**Task requirements**
Lines from the one containing "Действующие меры защиты" through the final line of the records below are needed, copied exactly, with no pictures.

Dataset entries:
■ ■ ■ ■ ■ ■ ■

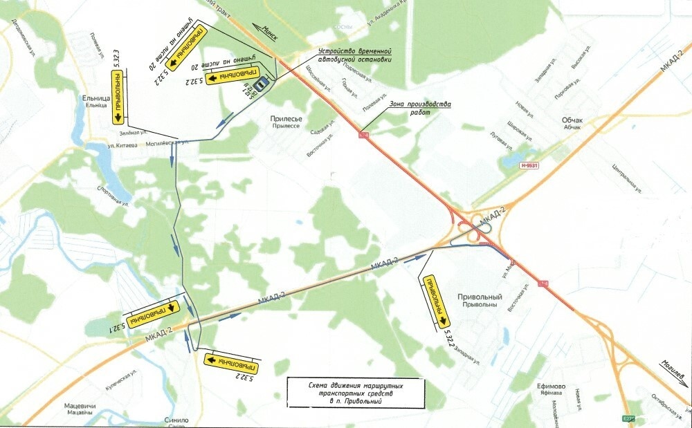 Альтернативные пути включают автодороги М1/Е30 Брест (Козловичи) — Минск — граница Российской Федерации; Н9050 Ельница — Королищевичи — Новый Двор; Н9082 Обчак — п. Сосны; Н9531 Смолевичи — Самохваловичи — Негорелое.
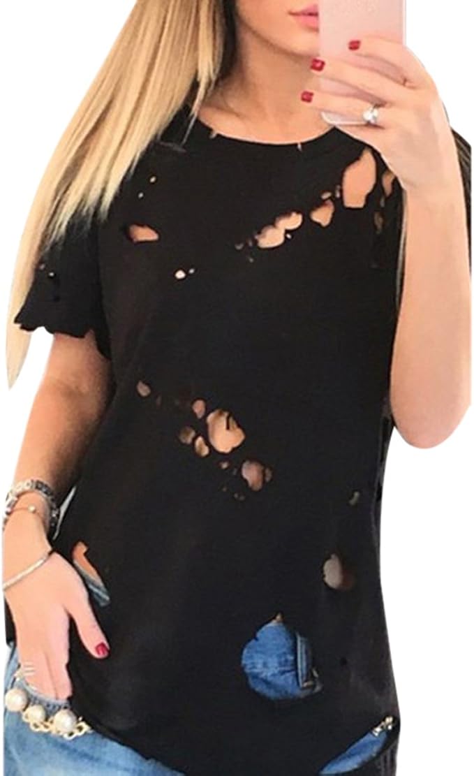 Mioim Damen T Shirt Kurzarm Rundhals Sommer Mode Zerrissene Tops Fashion Baumwolle Beilaufige Lose Oberteile Amazon De Bekleidung
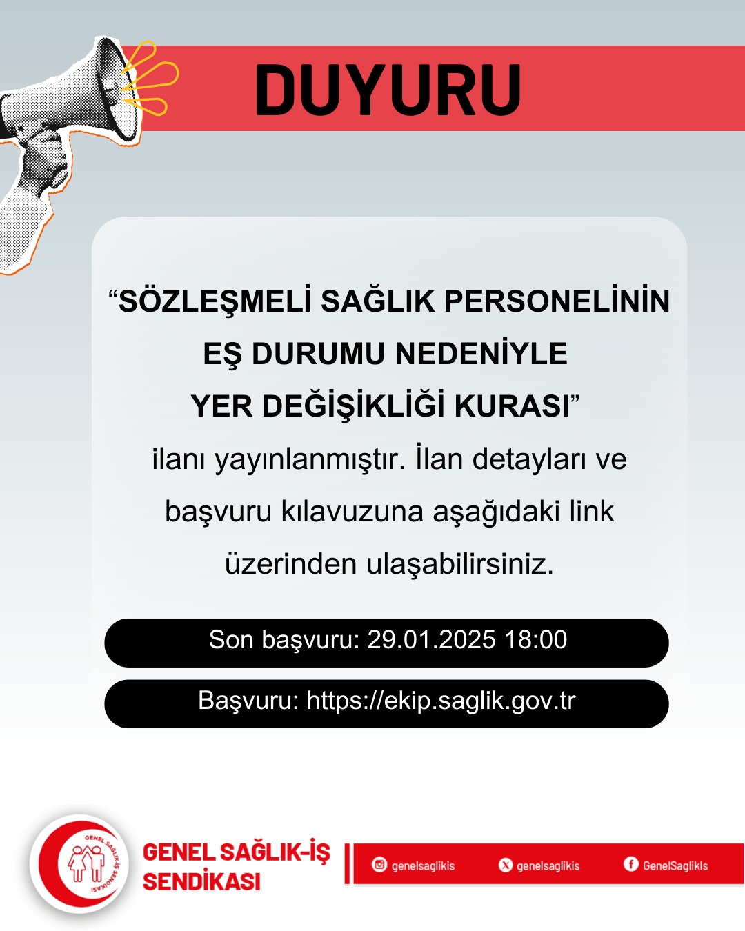 "Sözleşmeli Sağlık Personelinin Eş Durumu Nedeniyle Yer Değişikliği Kurası" ilanı yayınlanmıştır. İlan detayları ve başvuru kılavuzuna aşağıdaki link üzerinden ulaşabilirsiniz.
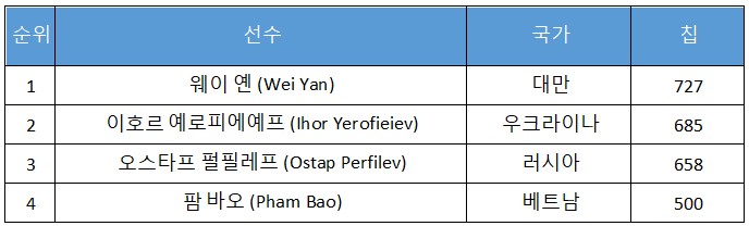 대만의 웨이 옌(Wei Yan)이 최대 스택 727,000을 기록하며 데이1A에서 리더로 마감했다.
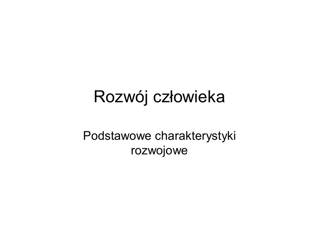 Rozwój człowieka Podstawowe charakterystyki rozwojowe Główne sfery rozwoju • Rozwój fizyczny • Rozwój poznawczy – Mowa • Rozwój społeczny i emocjonalny Wiek przedszkolny 3-6 Osiągnięcia rozwojowe • 3 lata - zwinnie się wspina, - biegnąc okrąża przeszkody, - przez chwilę stoi na jednej nodze, - chodzi na czubkach palców, - potrafi odwzorować koło, - zaczyna ciąć nożyczkami; 4 lata - dobrze jeździ na trójkołowym rowerze, - układa puzzle z 5 - 10 kawałków, - wykonuje proste budowle z klocków, - rysuje uproszczona postać człowieka, - skacze na jednej nodze, - ubiera się i rozbiera, ale nie sznuruje sznurowadeł i nie zapina guzików; 5 lat - biega lekko na palcach, - podskakuje na zmianę na jednej i drugiej nodze, - pisze kilka liter, - rysuje człowieka, - używa noża i widelca. Clark i Ireland(1998) Wiek przedszkolny • 4 - 5 rok życia - nasilenie zmian w rozwoju fizycznym: – – – – – – – – – – Kościec wykazuje szybsze tempo mineralizacji, wyrzynają się zęby stałe, stabilizują się fizjologiczne krzywizny kręgosłupa, silniejsze stają się mięśnie szkieletowe, na skutek utraty podściółki tłuszczowej. Oddech dziecka staje się głębszy, rytm wolniejszy, ponieważ wzrasta pojemność płuc. Podobnie dzieje się z mięśniem sercowym, w którym poprzez powiększenie masy, zwiększa się pojemność wyrzutowa, nasilają się skurcze i zwalnia rytm. (24 Mielinizacja tkanek nerwowych, dzięki czemu układ nerwowy dziecka działa sprawniej Zwiększa się bogactwo i koordynacja ruchów Sylwetka dziecka staje się bardziej smukła. Wydłużeniu ulegają kończyny oraz szyja. Chłopcy między 5, a 6 rokiem - większy przyrost masy ciała Rozwój mowy • ARTYKULACJA - 2 miesiąc: głużenie, Głużenie charakteryzuje się wydawaniem przez niemowlę różnych dźwięków, a w tym samogłosek, spółgłosek, grup spółgłoskowych i samogłoskowych oraz towarzyszącymi im nieskoordynowanymi ruchami ciała i kończyn -źwięki typu: g, k, gli, kli, tli. - 3 miesiąc: okres intonacji, - 6 miesiąc: gaworzenie - odruch warunkowy - zamierzone wydawanie i powtarzanie dźwięków. Na początku tego okresu pojawiają się pierwsze sylaby (ma, ta, ba, później: ma - ma, ta - ta, ba - ba), które dziecko powtarza wielokrotnie, ale nie przypisuje im konkretnego znaczenia. - 1 rok: wyrazy: mama, baba, tata - 18 miesiąc: 8 - 10 wyrazów, - 21 miesiąc: 20 wyrazów; Rozwój mowy - 2 lata: wypowiedzi dwuwyrazowe - 1 zdanie; - 3 lata: pojawiają się czasowniki, mowa dziecinna, potrafi użyć słowa "ja"; używa 100 - 200 wyrazów, - 4 lata: odmienia czasowniki, nieopanowane w pełni używanie nazw kolorów - 5 lat: język poprawny; • Rozwój mowy trwa do szóstego roku życia. • Wszelakie zaburzenia i wady wymowy po skończeniu przez dziecko 6 lat, określane są jako opóźnienie rozwoju mowy. Rozwój mowy • ROZUMIENIE - 7 miesiąc: rozumienie pewnych wyrazów, - 9 miesiąc: rozumienie znaku językowego: 1 wyrazu; „rewolucja 9 miesiąca” – wymiana =>konwersacja=>uczenie się kulturowe - 1 rok: rozumie 3 lub więcej wyrazów; - 2 lata: 500 – 1000 wyrazów; - 3 lata: 1000 – 18000 słów, rozróżnianie barw i ich nazw, - 4 lata: 1500 – 2000 wyrazów - 5 lat: 2000 – 2600 wyrazów; Osiągnięcia rozwojowe • Dziecko 2 - letnie jest w stanie rozpoznać znajome osoby lub przedmioty po 2 - 3 tygodniach rozłąki, a na początku 3 roku życia już po miesiącu. • Dziecko 3 - letnie pamięta imiona osób nieobecnych tu i teraz i rozpoznaje bliskich po kilku miesiącach rozłąki. • Pięciolatek potrafi podjąć zabawę tematyczną, a to wiąże się z rozwojem pamięci świadomej i celowej. Rozwój pamięci krótkotrwałej obserwuje się przez odtwarzanie przez dziecko ciągów liczbowych. – – – – trzylatek powtórzy dwie liczby, pięciolatek już trzy do czterech liczb, 6- 8 - letnie dzieci powtarzają pięć liczb, natomiast 9 - 12 - lenie sześć liczb. Rozwój społeczno - emocjonalny • Mechanizm myślenia 3-latka ma charakter globalny, – postrzega elementy otocznia jako całości mało jeszcze zróżnicowane. – niezdolne jest do procesów analizy i syntezy, – w coraz silniejszym stopniu myśli za pomocą słów. – myśli chętnie za pomocą zespołów, kojarzy i łączy ze sobą sprzeczności. – nie potrafi początkowo ani opisywać, ani opowiadać, fantazjuje. – nie potrafi wyjaśnić tego co widzi zgodnie z zasadami przyczynowości, przypisuje motywacje ludzkie zjawiskom naturalnym. – zabawa, najchętniej indywidualna, lub z opiekunem jest naturalnym rodzajem aktywności. – Dotąd niechętne stopniowo staje się otwarte na współpracę. Teraz chętniej odda zabawkę i bawi się z innym dzieckiem. – nawiązuje pierwsze przyjaźnie. Rozwój społeczno - emocjonalny • Dziecko koło czwartego roku życia – nabiera zwinności, staje się wrażliwsze na muzyczne rytmy lubi tańczyć, – odczuwa chęć podobania się, – pragnie skupiać na sobie uwagę. – lubi przeciwstawiać się wszelkim poleceniom które do tej pory wykonywało grzecznie i dokładnie. Bezcelowe jest wtedy stosowanie jakichkolwiek kar. Bardzo potrzebna jest w tym okresie określenie jasnych granic, stanowczość i konsekwencja. – w miarę upływu czasu wzrasta opanowanie nad sobą, wzrasta jego poczucie bezpieczeństwa. – zabawy wzbogacają się o pomysłowe i złożone działania dziecka starszego. – rozwijaj formy współpracy. – większość dzieci w tym wieku przejawia wręcz fanatyczny stosunek do prawdy. Intencje innej osoby są tu mniej ważne niż prawda. W wieku czterech lat dzieci zaczynają rozumieć, że oszustwo jest czymś złym. Rozwój społeczno - emocjonalny • Dziecko koło piątego roku – powraca do równowagi. Staje się pogodzone z sobą, spokojne, przyjacielskie, można na nim polegać. – zabawa wzbogaca się o dodatkową formę aktywności - jest nią praca (dziecko nie przery
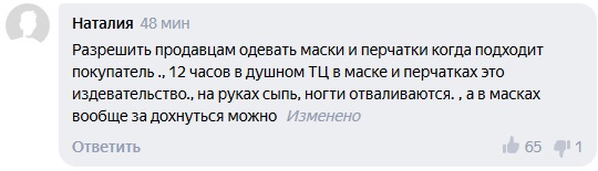 Действующие меры защиты от коронавируса вредят здоровью граждан, написала пользователь Наталья. По ее словам, от 12-часовой работы в маске человек начинает задыхаться, а от перчаток на руках появляется сыпь.
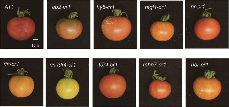 该研究通过利用CRISPR/Cas9技术获得果实成熟相关转录因子RIN、TDR4(FUL1)、MBP7(FUL2)、AP2a、HY5、TAGL1、NR、NOR的单突变体以及RINTDR双突变体材料,通过对成熟期的野生型和突变体番茄果实材料进行代谢组和转录组测序,以阐明这些转录因子如何精细的控制果实成熟和代谢物含量。结果发现,转录因子通过依赖乙烯和非依赖乙烯途径来调控色素积累、风味物质的形成。类胡萝卜素是番茄果实中主要的色素,其含量和种类对果实颜色的变化有显著的影响。转录因子突变后产生了具有不同颜色和类胡萝卜素含量的果实。虽然一些突变体的果实色泽视觉上相近,但数据显示其类胡萝卜素含量差异却非常大,如MBP7和TAGL1;RIN、NOR和AP2a。其中AP2a和TAGL1突变体中叶黄素含量大量积累,可作为优化番茄果实中特定类胡萝卜素含量的潜在靶标。

■ ■ ■ ■ ■ ■ ■

**Solution to this problem**
 Действующие меры защиты от коронавируса вредят здоровью граждан, написала пользователь Наталья. По ее словам, от 12-часовой работы в маске человек начинает задыхаться, а от перчаток на руках появляется сыпь.
 该研究通过利用CRISPR/Cas9技术获得果实成熟相关转录因子RIN、TDR4(FUL1)、MBP7(FUL2)、AP2a、HY5、TAGL1、NR、NOR的单突变体以及RINTDR双突变体材料,通过对成熟期的野生型和突变体番茄果实材料进行代谢组和转录组测序,以阐明这些转录因子如何精细的控制果实成熟和代谢物含量。结果发现,转录因子通过依赖乙烯和非依赖乙烯途径来调控色素积累、风味物质的形成。类胡萝卜素是番茄果实中主要的色素,其含量和种类对果实颜色的变化有显著的影响。转录因子突变后产生了具有不同颜色和类胡萝卜素含量的果实。虽然一些突变体的果实色泽视觉上相近,但数据显示其类胡萝卜素含量差异却非常大,如MBP7和TAGL1;RIN、NOR和AP2a。其中AP2a和TAGL1突变体中叶黄素含量大量积累,可作为优化番茄果实中特定类胡萝卜素含量的潜在靶标。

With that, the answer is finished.